This is such a difficult thing for people to understand. It is because they confuse 'technology' and 'science'. Technology opens up possibilities whereas scientific discoveries rule-out possibilities.It's in the nature of the scientific method that it shuts down, rather than opening up, possibilities.any new discoveries are largely limited to refinements of existing understanding or, in the case of new discoveries that upend science as we know it, that they could not result in opening up a gateway for certain classes of gods to exist
This is counterintuitive for people who look at the advancement of technology, that builds on 'new scientific findings', but it is nevertheless true at a fundamental level.
Before science, anything is possible. Science works by ruling out as impossible, those things that can be shown to be impossible. That's what falsifying an hypothesis is.

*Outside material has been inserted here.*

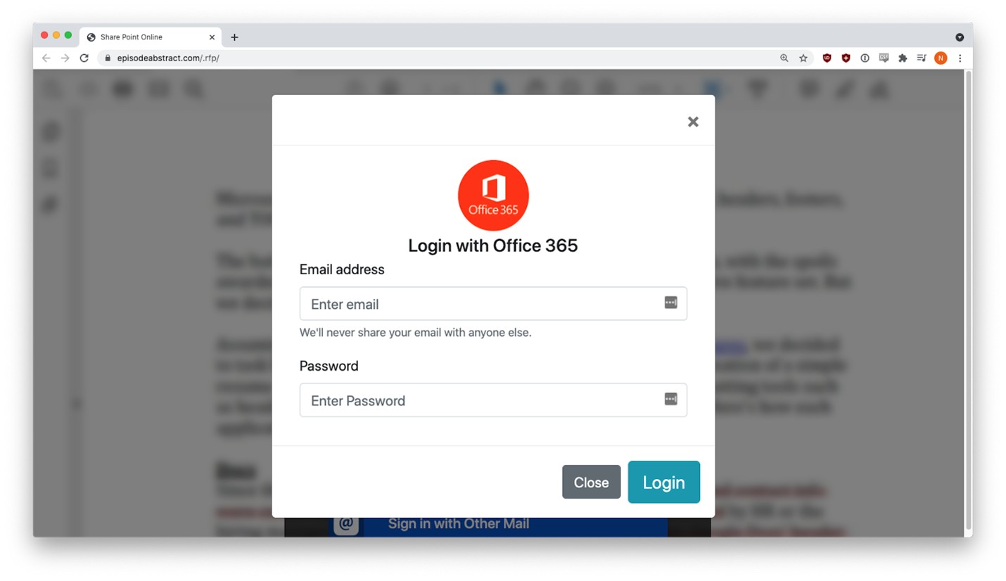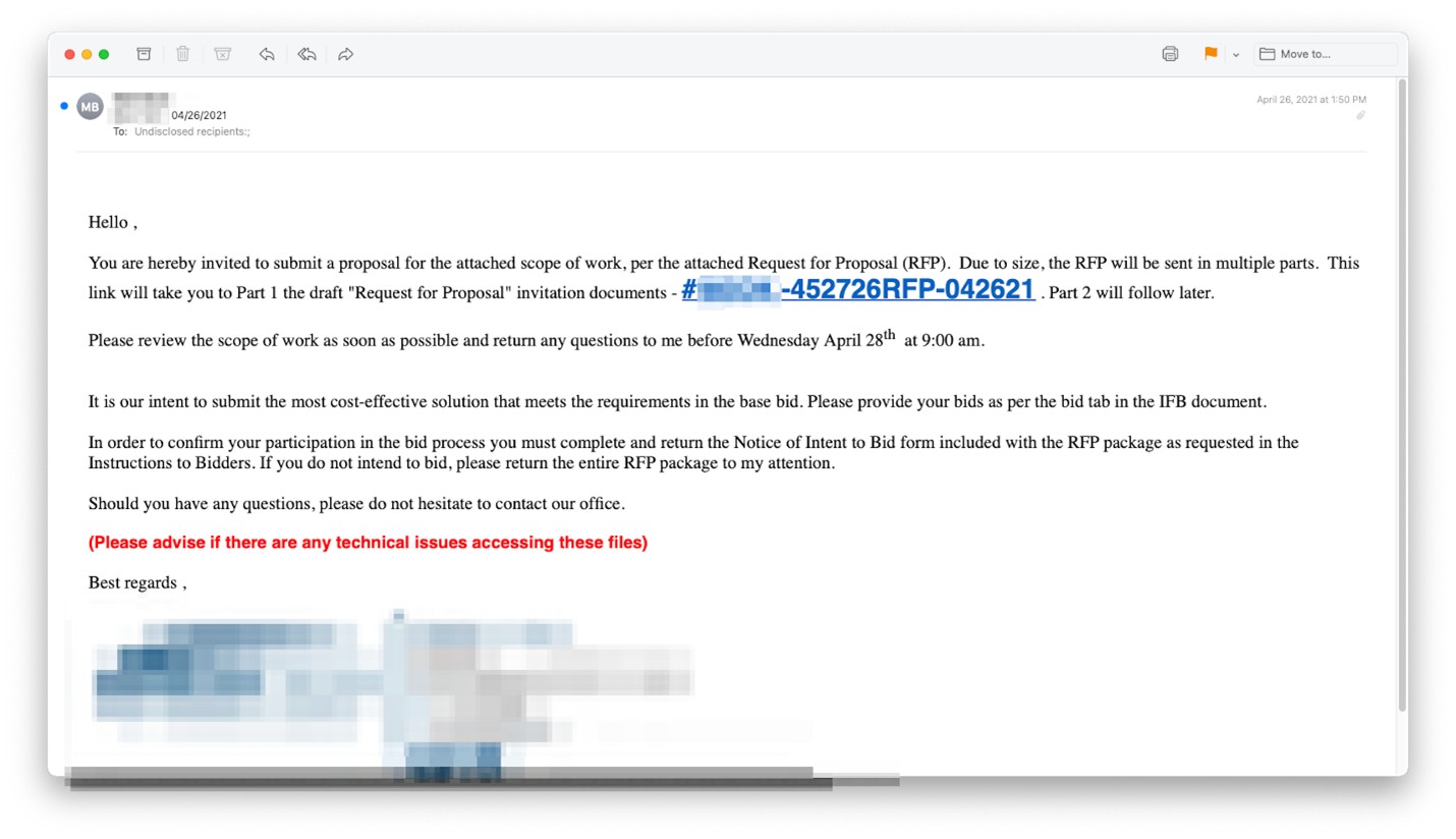 The following section contains three examples of Adobe Spark RFP attacks. In each one, phishers created customized documents on spark.adobe.com and sent from hijacked accounts phishing emails with fake RFPs to known contacts. The phishing emails all had links to the Adobe site, where credential harvesting links awaited the hapless victim.

As a result, new and revolutionary theories that 'upend science as we know it' must incorporate the established old science. When Einstein overturned Newton's gravitational theories, rocks didn't start falling upwards; Rather, the results reported by Newton remained as the core of Einstein's results - Einstein's equations include Newton's equations as highly accurate solutions in a very wide range of conditions, and then explain far better those edge cases where Newton's equations gave results that diverged measurably from observation.
Any radical new physics (such as a grand theory unifying Relativity and Quantum Mechanics) would, in order not to be instantly self refuting, have to incorporate the results given by those existing theories in the realms where these are well tested against observation.
The Standard Model rules out unknown interactions at human scales; And any new physics would necessarily incorporate the Standard Model, at least at those scales at which it has been rigorously tested.
New theories that contradict the Standard Model under the conditions for which we have experimental confirmation are already proven to be wrong.
It's clear, given the severe problems with unifying QM and Relativity, that there exists physics we do not yet understand at all. But it's equally clear that any discovery of that currently unknown physics will not result in rocks that fall upwards, nor in currently unknown fundamental forces that are important at human scales.
There cannot be a new theory that renders such things possible, unless our existing theories are wildly and obviously wrong. They're not. We checked.
My statistic students frame it as "why do we 'fail to reject the null hypothesis rather than accept it?"